Assigned task: In the records below, find the line with "1959 г Дулево.", then copy each line exactly until you have copied the line with "- Vendido por". Leave any picture out.

Entries taken from a collection:
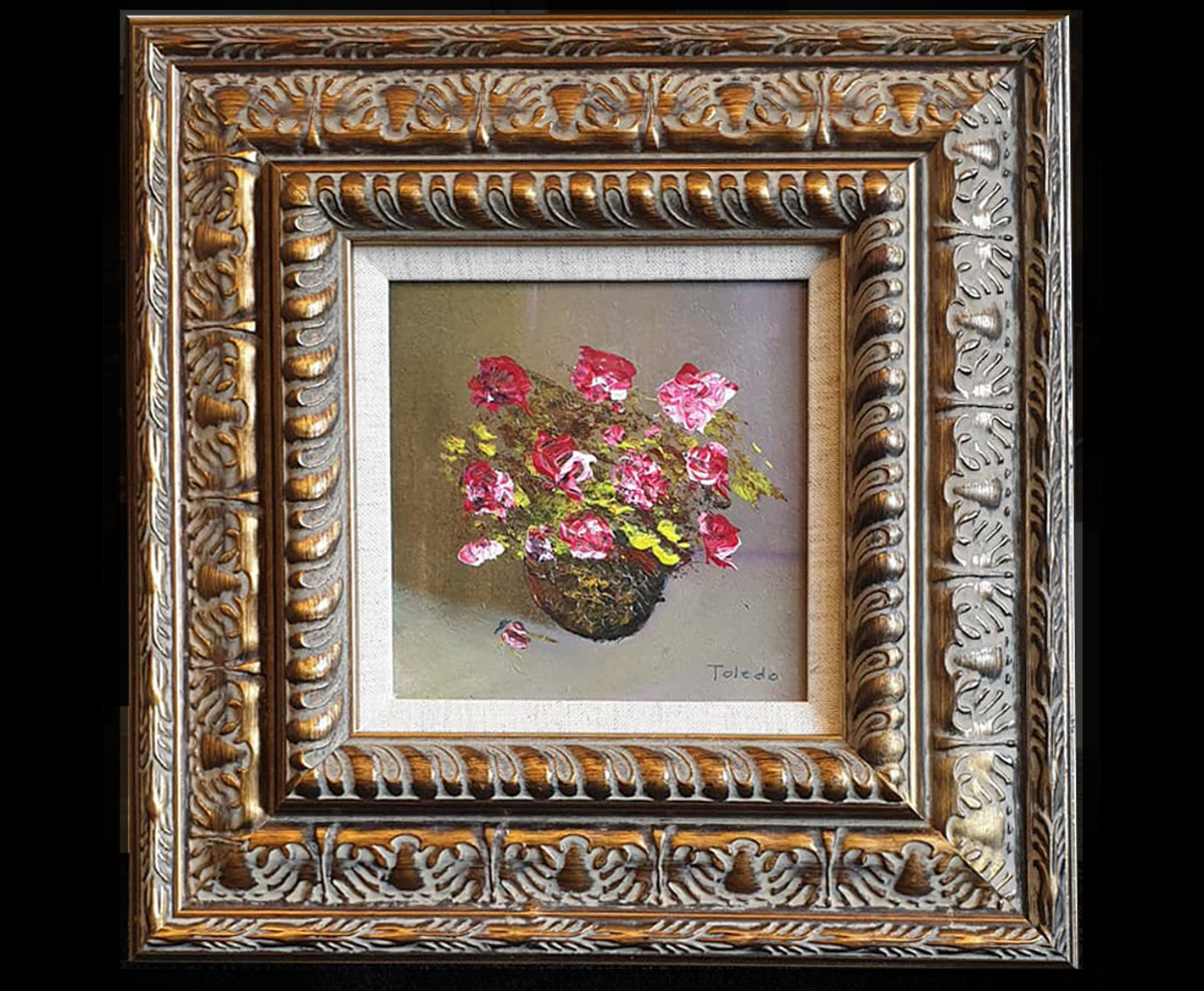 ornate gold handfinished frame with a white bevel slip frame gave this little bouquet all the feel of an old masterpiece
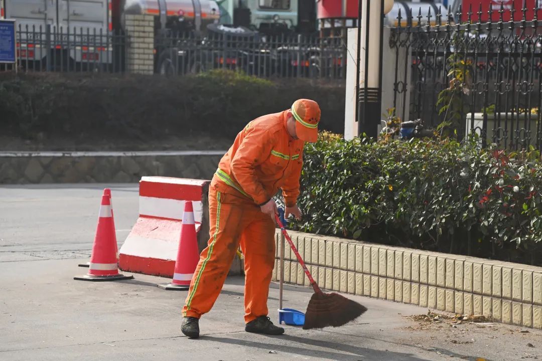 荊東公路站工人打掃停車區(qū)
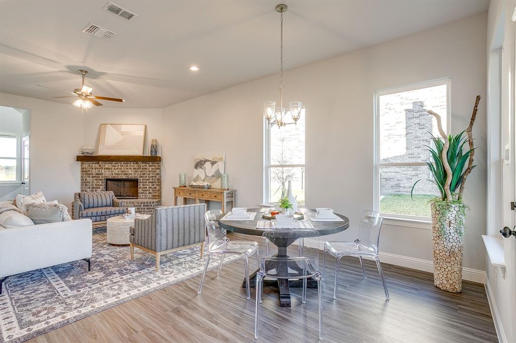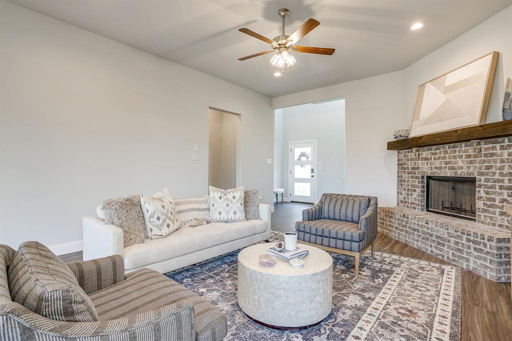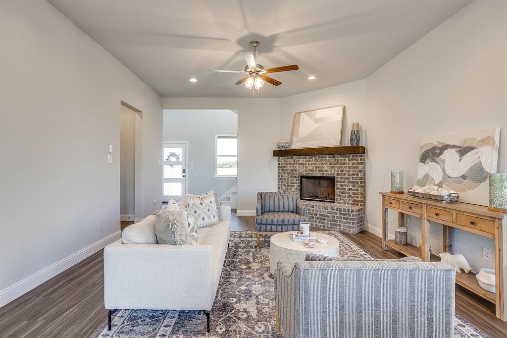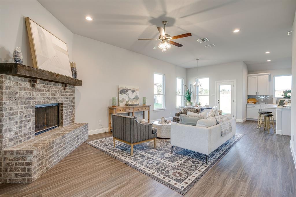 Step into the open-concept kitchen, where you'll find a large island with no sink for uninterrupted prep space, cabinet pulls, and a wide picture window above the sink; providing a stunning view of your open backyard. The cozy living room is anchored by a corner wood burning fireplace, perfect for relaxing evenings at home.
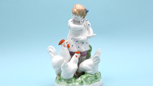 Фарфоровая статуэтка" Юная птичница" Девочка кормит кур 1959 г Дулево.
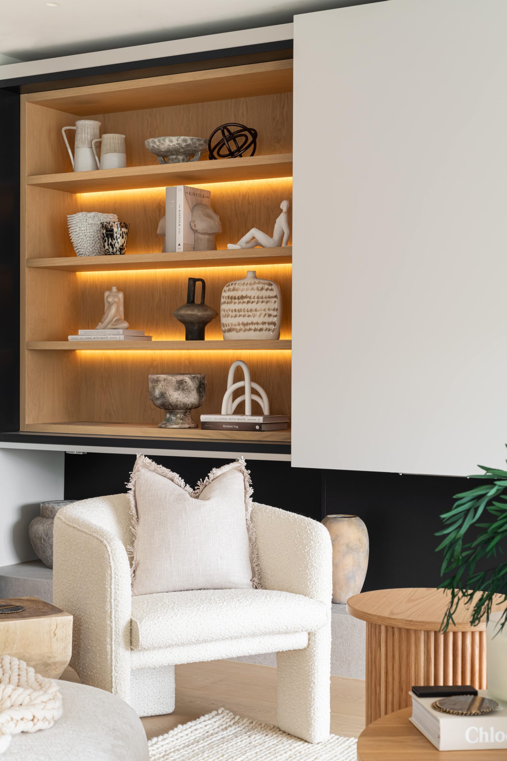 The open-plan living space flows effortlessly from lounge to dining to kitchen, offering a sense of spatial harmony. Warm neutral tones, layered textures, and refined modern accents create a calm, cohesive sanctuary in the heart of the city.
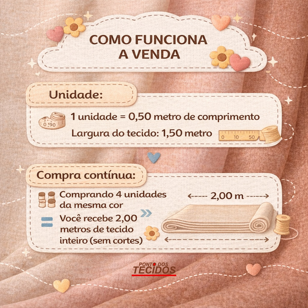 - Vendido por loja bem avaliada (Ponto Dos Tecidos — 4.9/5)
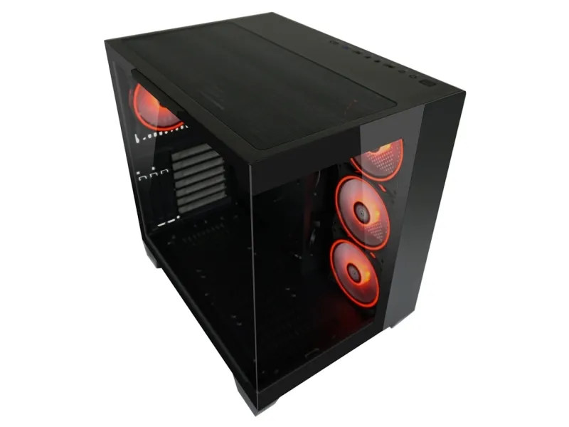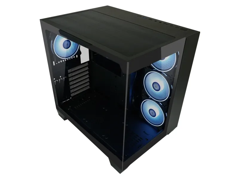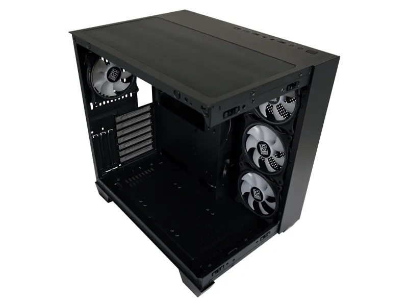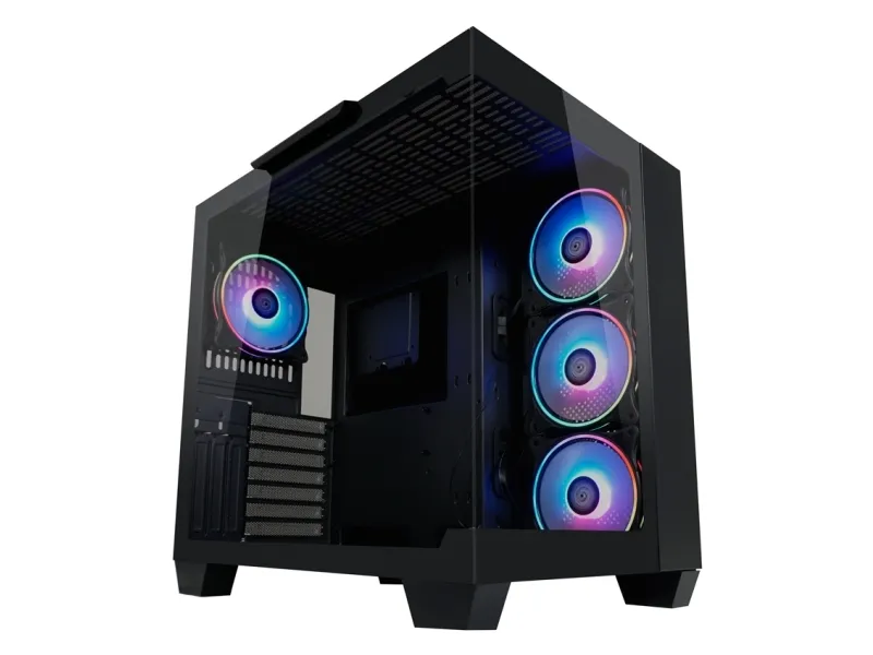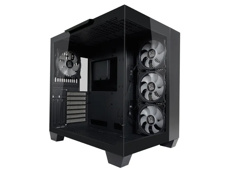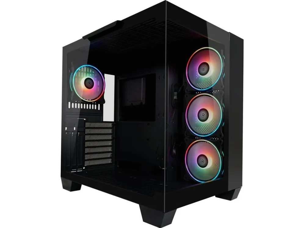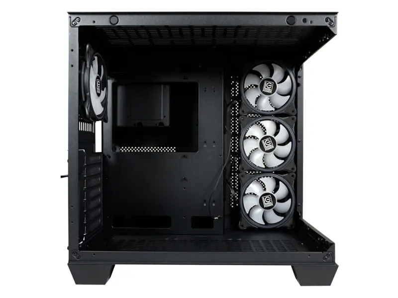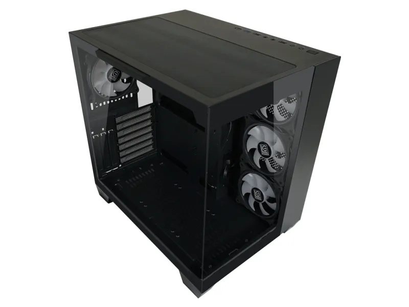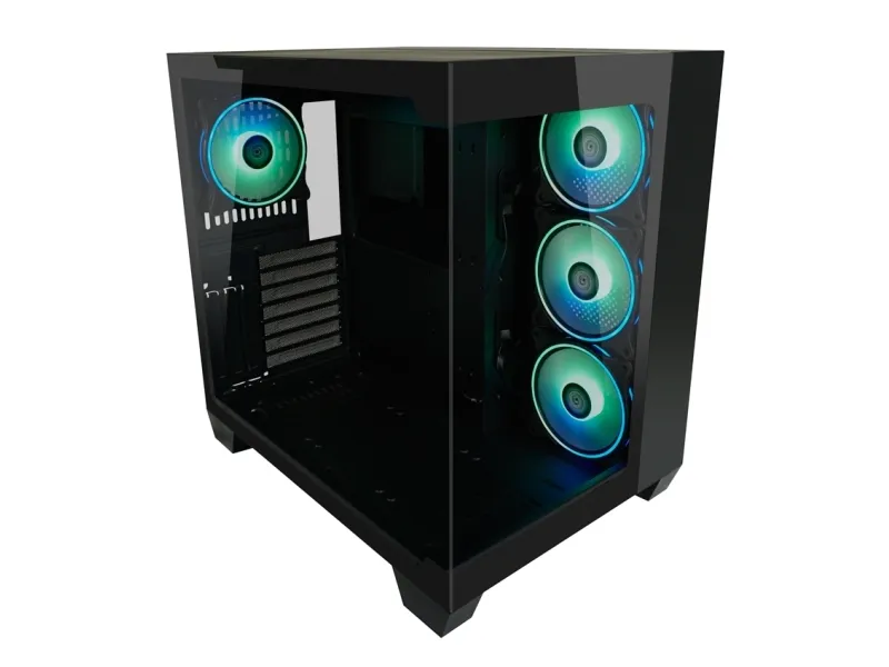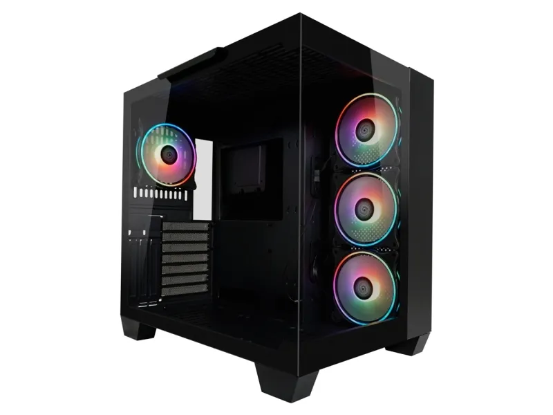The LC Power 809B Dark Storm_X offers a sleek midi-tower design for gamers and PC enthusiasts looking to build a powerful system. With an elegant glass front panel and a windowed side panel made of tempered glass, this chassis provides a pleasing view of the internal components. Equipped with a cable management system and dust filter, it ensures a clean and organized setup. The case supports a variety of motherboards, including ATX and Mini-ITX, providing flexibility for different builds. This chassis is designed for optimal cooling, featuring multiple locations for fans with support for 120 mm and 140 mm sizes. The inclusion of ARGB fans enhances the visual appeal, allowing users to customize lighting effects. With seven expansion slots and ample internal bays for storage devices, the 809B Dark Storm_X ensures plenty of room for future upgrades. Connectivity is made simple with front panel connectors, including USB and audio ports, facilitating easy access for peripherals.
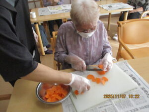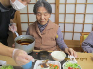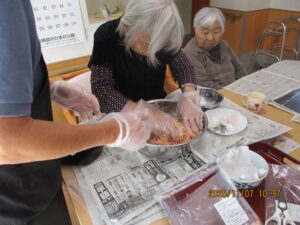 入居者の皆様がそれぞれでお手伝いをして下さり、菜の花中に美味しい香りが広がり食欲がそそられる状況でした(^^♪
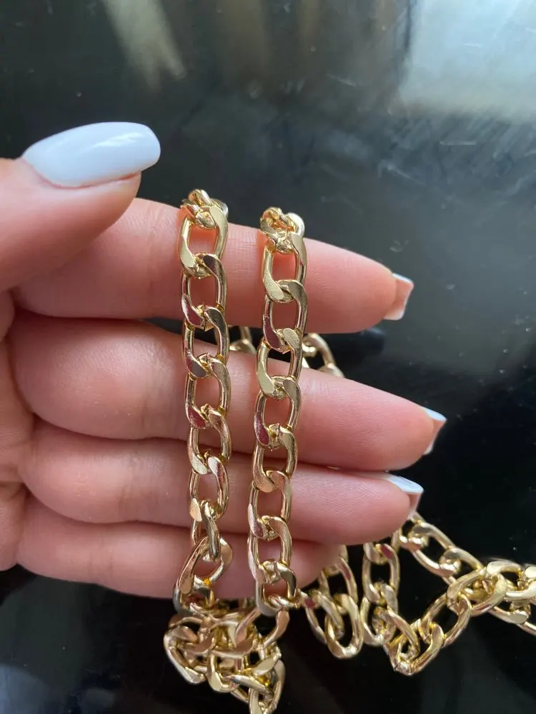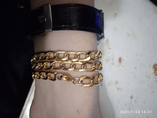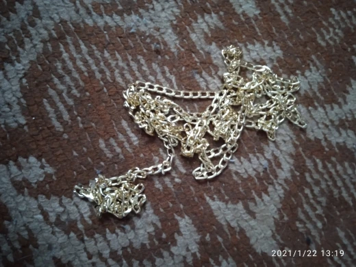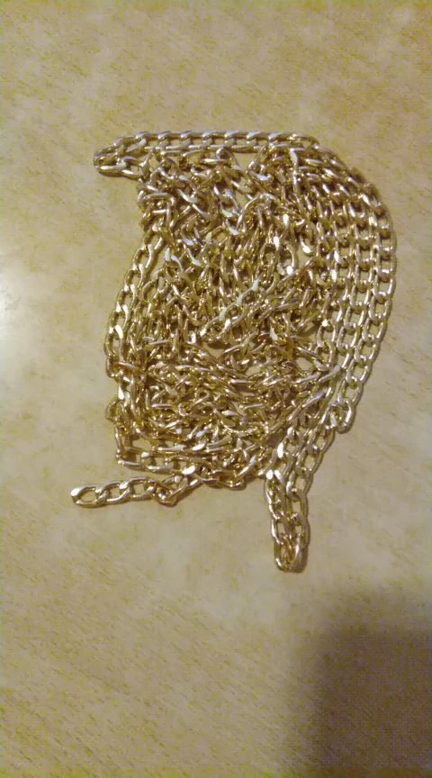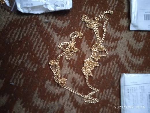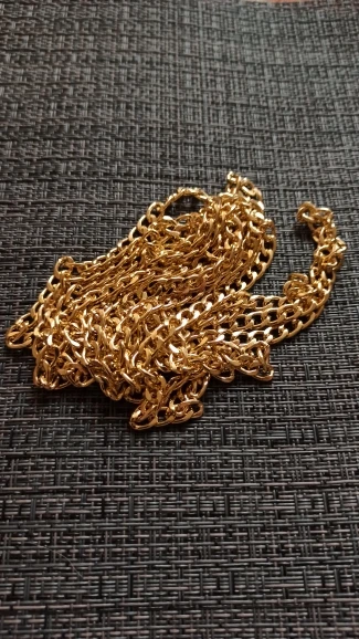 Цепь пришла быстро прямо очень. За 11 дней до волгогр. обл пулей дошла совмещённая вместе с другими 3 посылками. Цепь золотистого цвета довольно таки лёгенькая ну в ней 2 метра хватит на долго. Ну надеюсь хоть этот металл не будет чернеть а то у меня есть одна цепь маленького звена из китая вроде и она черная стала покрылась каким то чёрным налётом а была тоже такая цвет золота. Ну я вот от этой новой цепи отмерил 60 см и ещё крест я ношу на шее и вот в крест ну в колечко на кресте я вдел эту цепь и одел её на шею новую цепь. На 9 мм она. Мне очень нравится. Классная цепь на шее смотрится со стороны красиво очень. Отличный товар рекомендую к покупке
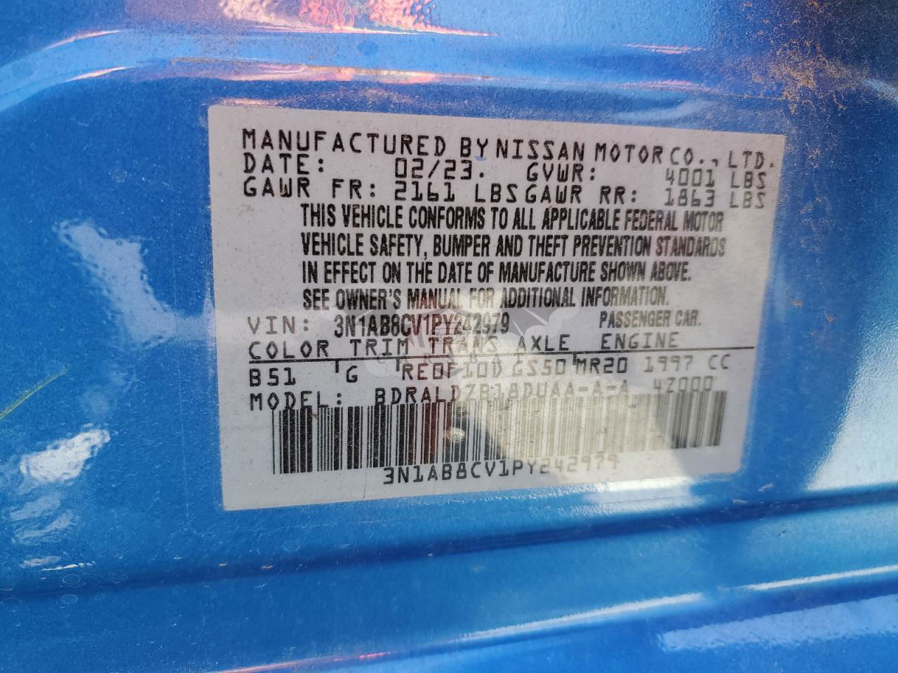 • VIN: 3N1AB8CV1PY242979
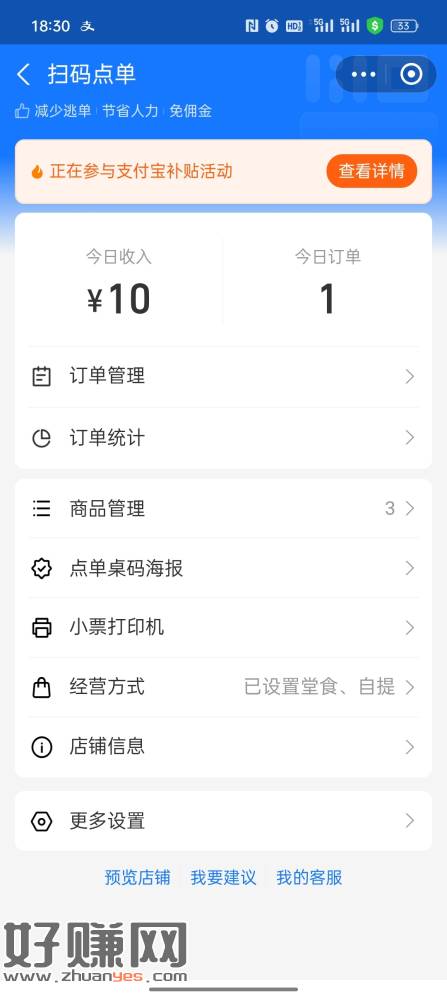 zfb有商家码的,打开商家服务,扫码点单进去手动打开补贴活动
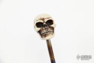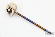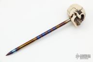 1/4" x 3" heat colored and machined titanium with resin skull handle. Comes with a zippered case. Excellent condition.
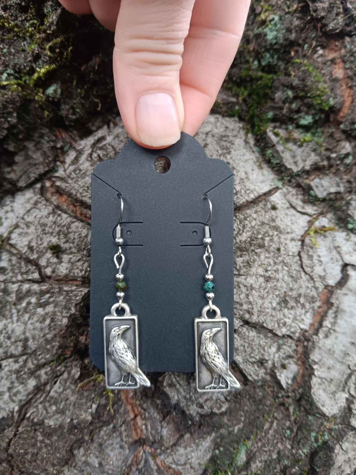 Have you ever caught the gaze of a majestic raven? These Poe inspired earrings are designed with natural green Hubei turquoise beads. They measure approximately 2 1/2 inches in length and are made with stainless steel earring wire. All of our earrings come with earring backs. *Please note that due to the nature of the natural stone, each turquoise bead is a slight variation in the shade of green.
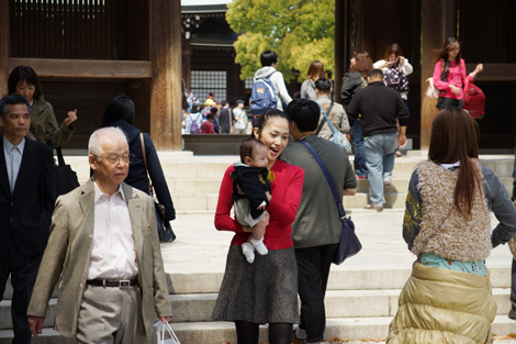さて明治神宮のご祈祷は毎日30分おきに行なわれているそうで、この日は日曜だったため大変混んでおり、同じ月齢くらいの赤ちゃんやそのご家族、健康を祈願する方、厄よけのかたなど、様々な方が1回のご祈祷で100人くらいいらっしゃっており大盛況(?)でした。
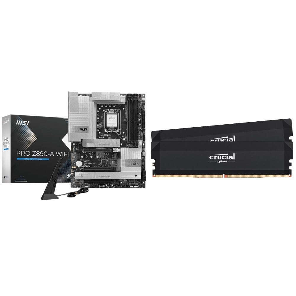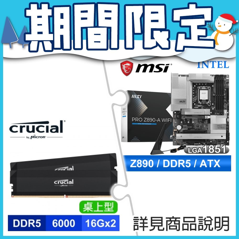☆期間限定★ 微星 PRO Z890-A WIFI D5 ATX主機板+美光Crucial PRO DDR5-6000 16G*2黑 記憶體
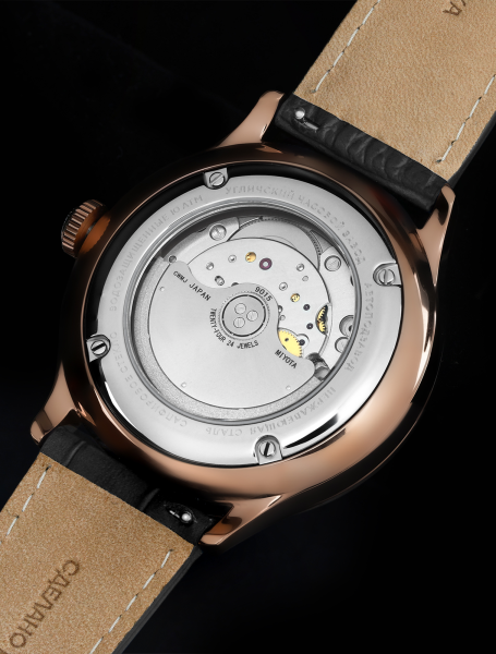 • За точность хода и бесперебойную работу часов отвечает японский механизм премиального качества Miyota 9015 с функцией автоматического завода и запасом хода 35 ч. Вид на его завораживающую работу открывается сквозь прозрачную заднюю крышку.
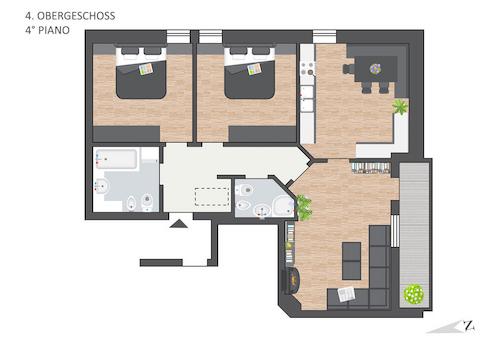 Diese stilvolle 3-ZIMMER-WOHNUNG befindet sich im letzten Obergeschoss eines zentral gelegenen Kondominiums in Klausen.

Result below:
 Фарфоровая статуэтка" Юная птичница" Девочка кормит кур 1959 г Дулево.
 The open-plan living space flows effortlessly from lounge to dining to kitchen, offering a sense of spatial harmony. Warm neutral tones, layered textures, and refined modern accents create a calm, cohesive sanctuary in the heart of the city.
 - Vendido por loja bem avaliada (Ponto Dos Tecidos — 4.9/5)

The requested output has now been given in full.